I could go on endlessly about some of the classical stuff I'm familiar with. In fact, since it's the end of the day and I have some time, I'll do that just now.
Part of my enjoyment of certain composers has to do with the circumstances under which each piece was written. One remarkable example is the Russian composer Dmitri Shostakovitch. For nearly his entire life, he was prodded and goaded by the Communist government to make music in a certain way, to the point where he actually feared for his life due to government response to some of his works. He bottomed out emotionally at around the time of his eighth string quartet, which he later described as a eulogy for his own funeral, having caved to pressure and joined the Party some time earlier. In that quartet, he continually returns to an ominous four-note theme that spells out his own initials "D.Sch" (the note names are different than they are in English). In one of the middle movements, the melody hammers percussively in a way that supposedly mimics the KGB banging on his apartment door in the dead of night. There's no happy ending to the quartet, no resolution, just the grim and somber return of the four-note theme.
Bela Bartok's string quartets are another source of enjoyment for me, and for similar reasons, though not as dour. For Bartok, his development as an artist was synonymous with one thing: moving away from traditional rhythm/harmony and embracing what was at the time considered "folk" music, whether it be Gypsy dance music or Hungarian bar songs, all of them in comparatively bizarre scales and meters compared to what anybody was doing in Western orchestral music at the time. He applied those influences in a unique way that stretched the boundaries of what four stringed instruments were capable of doing, because he really wanted to capture the untamed, almost mischievous element he found in his research of folk traditions. He was fond of inversions, playing a melody forwards, backwards, and upside down in strange counterpoint. One of his most well-known inventions was what later became known as the "Bartok pizzicato," whereby the player would intentionally pluck the string so hard that it would slap against the wood of the instrument with a loud snap. In some quartets, he developed a style he would return to throughout his life, the eerie sounds of "night music", with the instruments imitating bird calls, the faraway songs of farmers returning home at dusk, and a general mood of ambient uncertainty. And in his last quartet, the 6th, like Shostakovitch he responded to a political situation, this time the Nazi occupation. Deeply sarcastic, grotesque renderings of children's limericks mock the listener in one movement, and the lock-step march of Nazi soldiers is musically caricatured in another. But the overall mood is bleak by the end, as Bartok knew that this wouldn't be the first or last of such atrocities.
If string quartets aren't your thing, another distinctive and storied composer whose work resonates beyond just being an example of his period is Igor Stravinsky. His most famous piece is the ballet Le Sacre du Printemps, commonly translated into the English title The Rite of Spring. Rumor has it that small riots broke out in the concert halls where the ballet originally debuted. The whole thing is a celebration of pagan sex rituals, flesh sacrifice, and worship of the earth, startling subject matter from the devoutly Christian composer. It has some memorable moments, but is very 'cinematic' to me and thus a little one dimensional. My favorite piece of his is the Symphonies for Wind Instruments, possibly my favorite piece of music in general. I could sort of describe Bartok and Shostakovitch in words that mean something outside of the music, but here I just have to defer to the sound of the thing. Some of the savage and unpredictable atonalism of The Rite of Spring is on display, but confined to a collection of brass and woodwind instruments that carry me to a subtle and mystical realm every time I hear it. One bit of background is that the finale of the piece was originally a separate composition Stravinsky wrote when he learned of the death of Claude Debussy, a fellow composer (thought vastly different in style). As before, the debut of this work was met with confusion and actually laughter. As Stravinsky himself was conducting, he reportedly did not stop to explain that this was serious music and all that, he just turned and gave the audience a grin without halting a beat and kept going.

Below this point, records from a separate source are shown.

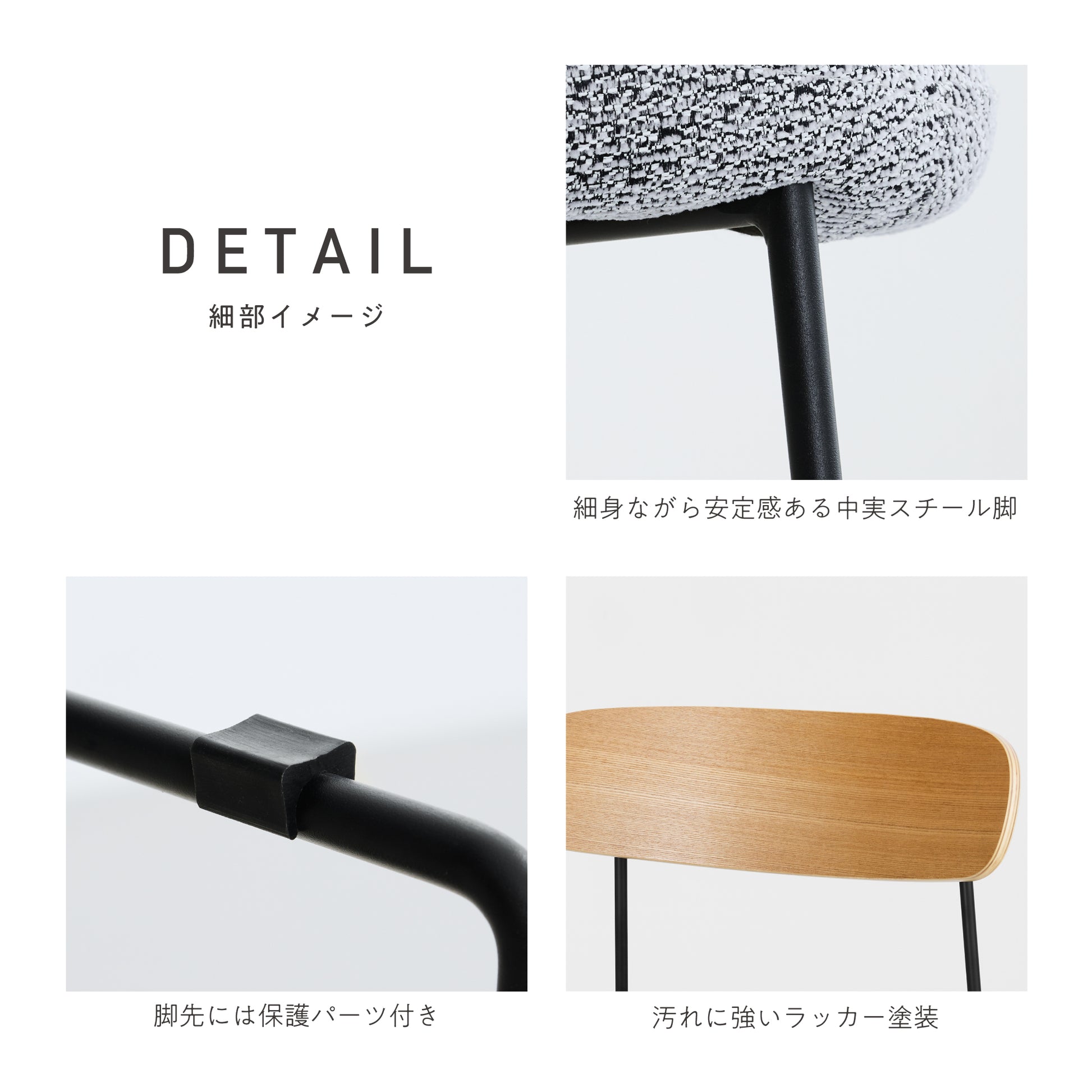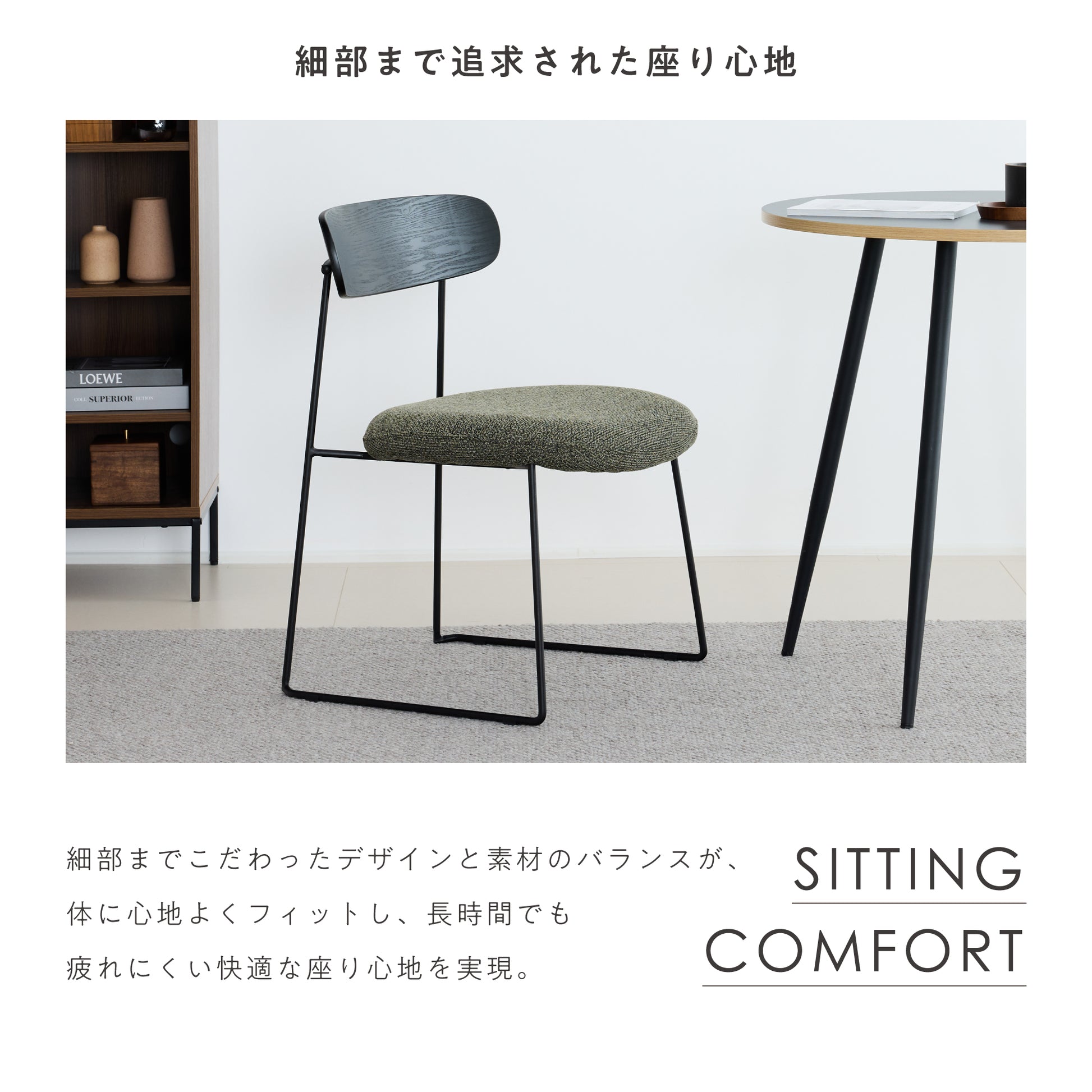 スリムなブラックスチール脚が、チェアのデザインを引き締めながら、全体のバランスをセンス良くまとめています。ツヤを抑えた質感が上品なマット仕上げで、よりスタイリッシュな印象に仕上げました。
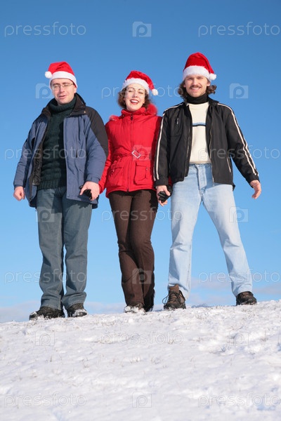 Трое друзей стоят на снегу в шапках Санта-Клауса
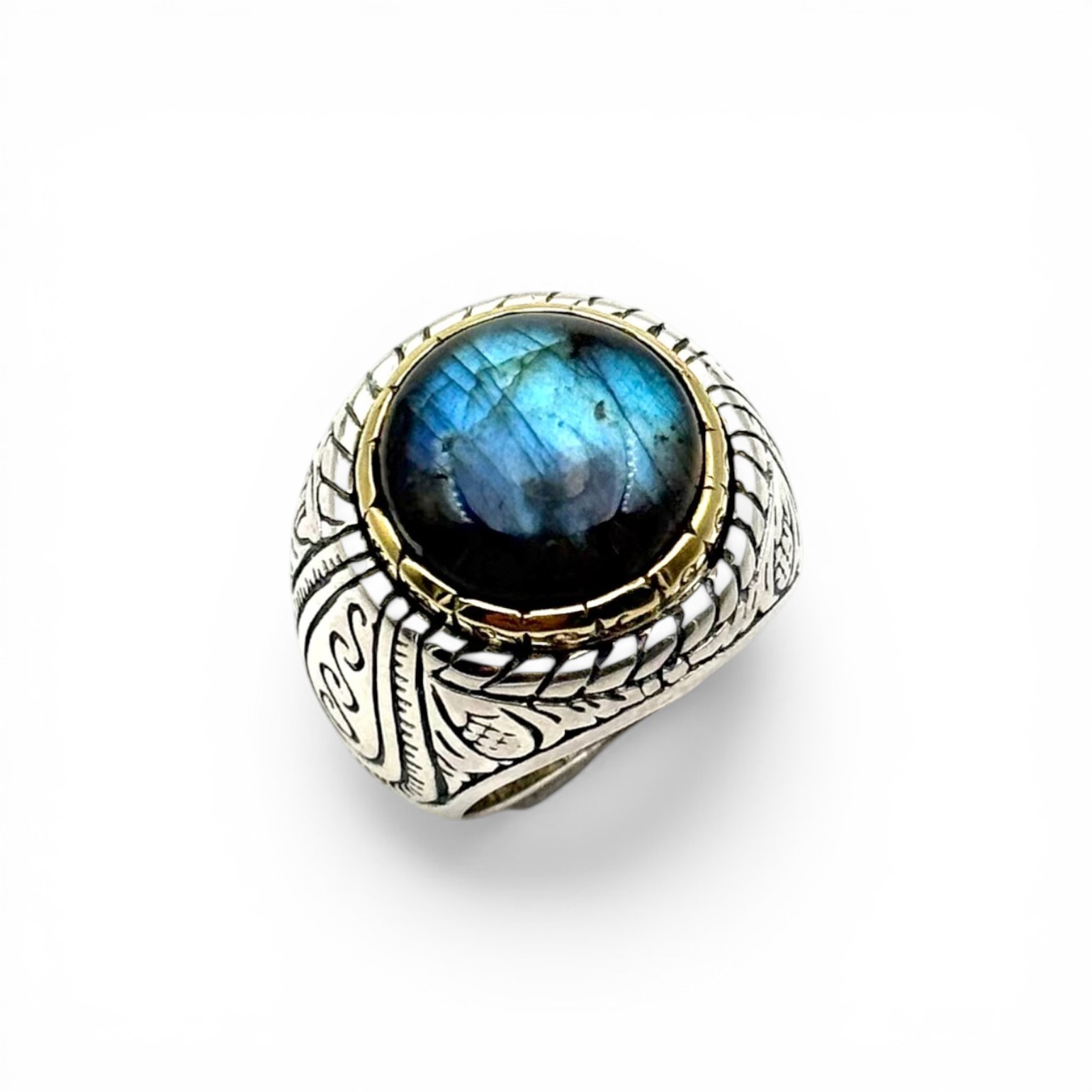 Bague Argent 925, Laiton et Labradorite
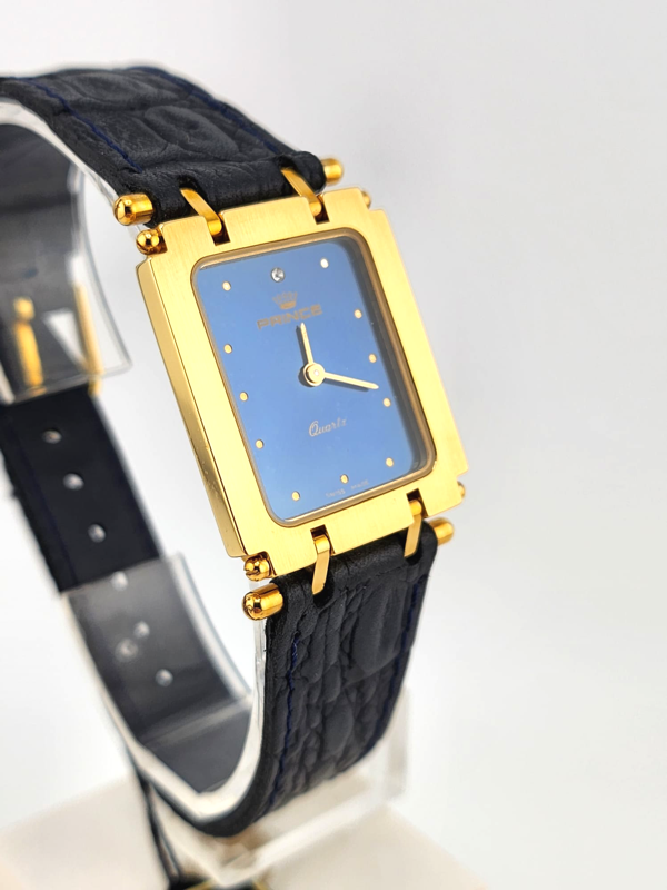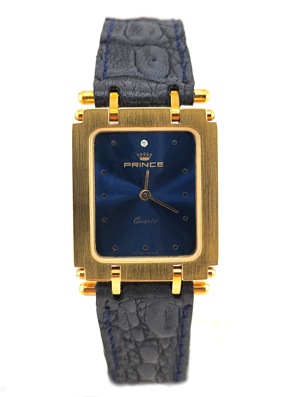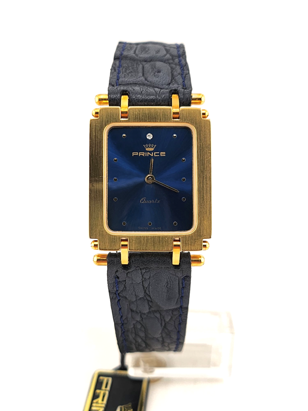 Beautiful navy blue dial with hour markers and diamond at 12 o'clock.

I guess my overall message here is: to get a sense of the piece and of the composer, find something whose sound you like and learn about the circumstances that inspired it. If what you find interests you, dig further into the same composer's related works to find other resonances and recurring motifs. Like authors and directors, classical composers usually have signature tropes they were known for, or stylistic approaches they kept returning to. For me, since the above composers were all active around the beginning or middle of the 20th century, that's where I tend to look if I want to hear something new, because things were moving in an exciting direction at the time with the advent of jazz and non-Western music.